I want to distinguish different distinct words having different distinct tags. One word can have more than one tag.

Append list items by number of hyphens available I tried every code with this thread but I am not getting any word more than 3 tags. As far as I know, there are words with even 8 or 9 tags also.

Where my approach is wrong? How to resolve this? I have two different questions:

1. How to figure out the count of different words of the corpus under different distinct tags? the number of distinct words in the corpus having let's say 8 distinct tags.

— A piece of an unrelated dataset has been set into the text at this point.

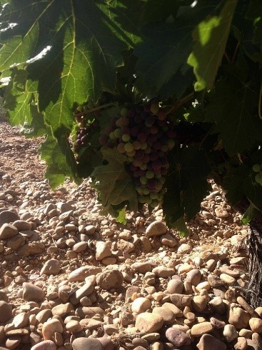 Otro aspecto destacable y diferenciador es el suelo. Aquí, el tipo de suelo cubierto por canto rodado, es muy beneficioso para la cepa ya que permite una buena absorción del agua, sin dejar humedades en el exterior que son las que pueden trasmitir enfermedades posteriores. Estos cantos rodados conservan el calor del día para desprenderlo poco a poco durante la noche, favoreciendo que la maduración de la uva sea excelente y mucho más homogénea. Este ciclo potencia la maduración de los racimos durante su ciclo vegetativo. La capa del subsuelo puede ser caliza o arcillosa y mantiene un grado de humedad constante que permite a la cepa desarrollarse en todo su esplendor.

2. Again, I want to know word with the greatest number of distinct tags.

And, I have interest with words only. I am removing punctuations.

Answer 1

The NLTK provides the perfect tool to index all tags used for each word:

wordtags = nltk.ConditionalFreqDist(nltk.corpus.brown.tagged_words())

Or if you want to case-fold the words as you go:

wordtags = nltk.ConditionalFreqDist((w.lower(), t) for w, t in brown.tagged_words())

We now have an index of the tags belonging to each word (plus their frequencies, which the OP didn't care about):

>>> print(wordtags["clean"].items())
dict_items([('JJ', 48), ('NN-TL', 1), ('RB', 1), ('VB-HL', 1), ('VB', 18)])

To find the words with the most tags, fall back on general Python sorting:

>>> wtlist = sorted(wordtags.items(), key=lambda x: len(x[1]), reverse=True)
>>> for word, freqs in wtlist[:10]:
        print(word, "\t", len(freqs), list(freqs))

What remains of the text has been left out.